Siva Springs v. Collector of Central Excise, Madurai
1999-12-03
T.MEENA KUMARI
body1999
DigiLaw.ai
Judgment :- The Order of the Court is as follows :- The writ petition is filed seeking for a writ of certiorarified Mandamus calling for the records of the first respondent culminating in his order C. No. V/73.08/15/3/90, Adjourned, dated 8-8-1991 to quash the same and to remand the matter with a direction to the first respondent to give the petitioners an opportunity of hearing, copies of the replies of respondents 2 and 3 and a joint hearing of all parties. 2.Learned counsel for the petitioners has argued that in this case, the first respondent has violated the principles of natural justice as the replies so filed by respondents 2 and 3 have not been served on the petitioners. The other point urged by the learned counsel for the petitioners is that after hearing the arguments made on behalf of the petitioners, the first respondent has not issued any notice of hearing in respect of subsequent dates when respondents 2 and 3 were heard. 3.The first respondent has heard the matter at length and it was entered in the impugened order that one Mr. Raghavan had argued the case of the petitioner, besides filing written submissions. The main contention raises before the first respondent on behalf of the petitioners was that since the entire process of manufacture and clearance of excisable goods had taken place with the knowledge of the department, the authority was not correct in invoking the proviso to Section 11A (1) of the Central Excises and Salt Act, 1944. Counsel appearing on behalf of the petitioners had requested the first respondent to decide the case subject to the submissions made by him. 4.The first and foremost point argued by the learned counsel appearing for the petitioners is that the petitioners were not heard again when respondents 2 and 3 were heard. In the impugned order at paragraph-65, the first respondent has stated that he went through the records of the case, replies and points argued in the personal hearing on behalf of the petitioners and respondents 2 and 3. 5.In Dirajmohan v. State of Orissa, the Apex Court has held that the rule regarding issue of notice would apply to the first date of hearing and thereafter, if the hearing is adjourned, it is unnecessary to give further notice for all the adjourned dates.
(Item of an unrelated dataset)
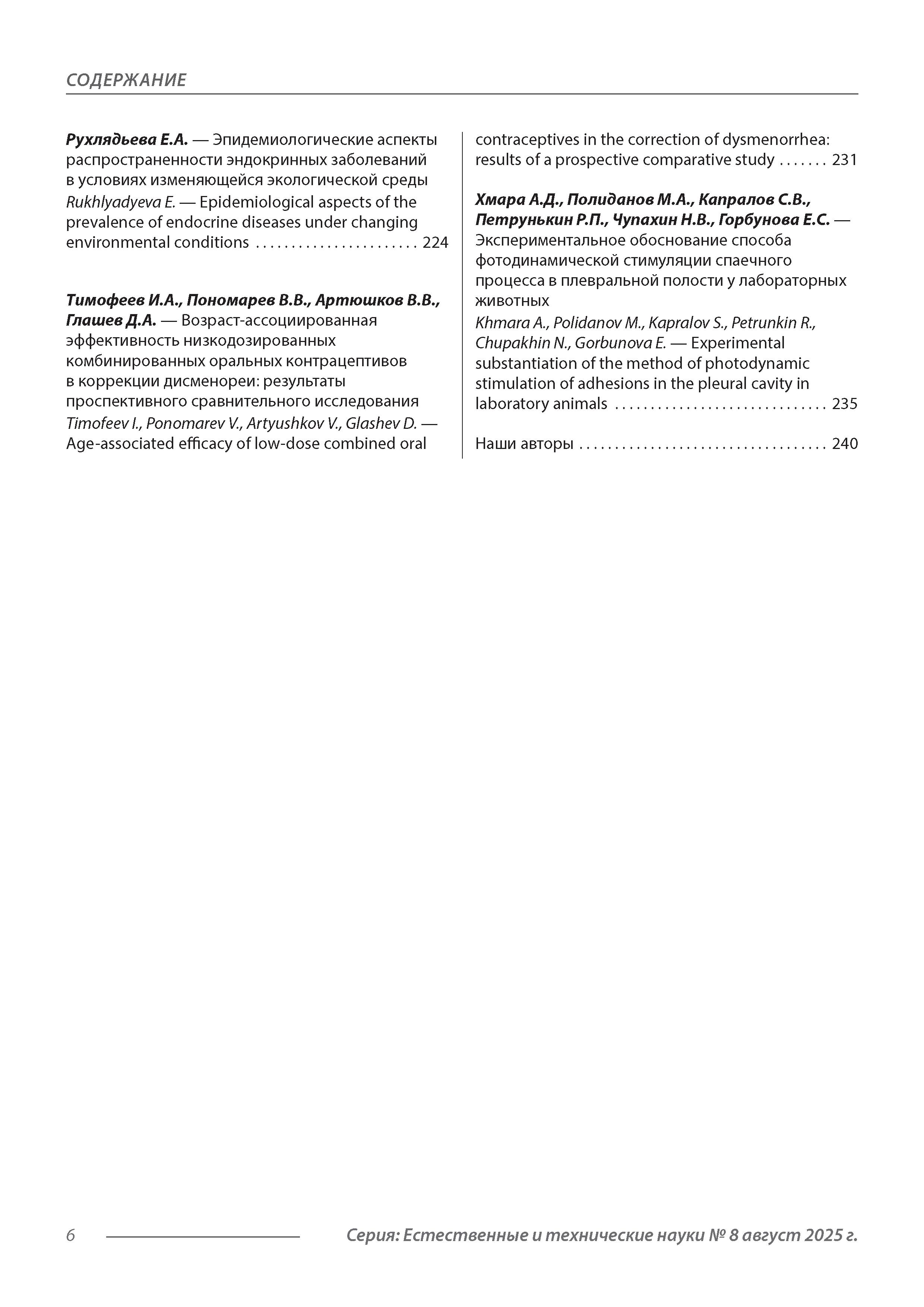 Современная наука: актуальные проблемы теории и практики. Сер. Естественные и технические науки 2025 N8 |

5.In Dirajmohan v. State of Orissa, the Apex Court has held that the rule regarding issue of notice would apply to the first date of hearing and thereafter, if the hearing is adjourned, it is unnecessary to give further notice for all the adjourned dates. In Nagendra Nath v. State of West Bengal 1957 AIR(Calcutta) 463), the Calcutta High Court has held that there is no necessity to send any notice of adjournment at all. 6.In R.V. Newmarket Assessment Committee, it has been observed that an adjourned hearing in continuation to one which is initially commenced is distinct from an adjourned hearing in alternation or in alteration to one originally started and while in the former case, a notice only of the first hearing is essential, in the latter case, a further notice is necessary as soon as the body of the tribunal proceedings with the hearing decides to change the items of any charge or switch over to any alternative procedure and the obligation to giving a notice, in fact, arises whenever a decision affecting the party is made or changed. 7.In this case, it is seen that the authority has not changed any item or switched over to any alternative procedure. Therefore, relying upon the above said judgments, it has to be held that no further notice of adjournment need be given to the petitioners. 8.The next point urged by the learned counsel for the petitioners is that the petitioners were not served with copies of the replies filed by respondents 2 and 3. In the impugned order, in paragraph -89 , the first respondent has made it clear that he has not relied upon the replies and he relied only on the statements recorded from respondents 2 and 3 during investigation. As the replies filed by respondents 2 and 3 have not been relied upon, I see no ground to agree with the contention of the learned counsel for the petitioners that the principles of natural justice have been violated. 9.The first respondent has found that there was deliberate suppression of fact and wilful mis-statement on the part of the petitioners with an intent to evade payment of duty.
9.The first respondent has found that there was deliberate suppression of fact and wilful mis-statement on the part of the petitioners with an intent to evade payment of duty. In the impugned order, it is mentioned that the petitioners had declared that the number of workers employed was less than 10 and availed exemption as per Notification No. 46/81, but on the basis of the available evidence on record, the first respondent has held that the petitioners had employed more than 10 workers in their factory and hence, they are not entitled to the exemption as per the said notification. The first respondent therefore held that the petitioners suppressed the fact with a view to evade payment of duty. The above conclusion was arrived at by the first respondent on the basis of the available evidence on record. 10. It is further stated that an appeal was preferred against the order and that appeal was dismissed for non-compliance of the interim order passed in the appeal and the said order has become final. 11.In the above circumstances, I see no grounds to interfere in the writ petition. Accordingly the writ petition is dismissed. No costs. However, three months time from the date of receipt of this order is granted to the petitioners to make the payments. Consequently, connected W.M.Ps are closed.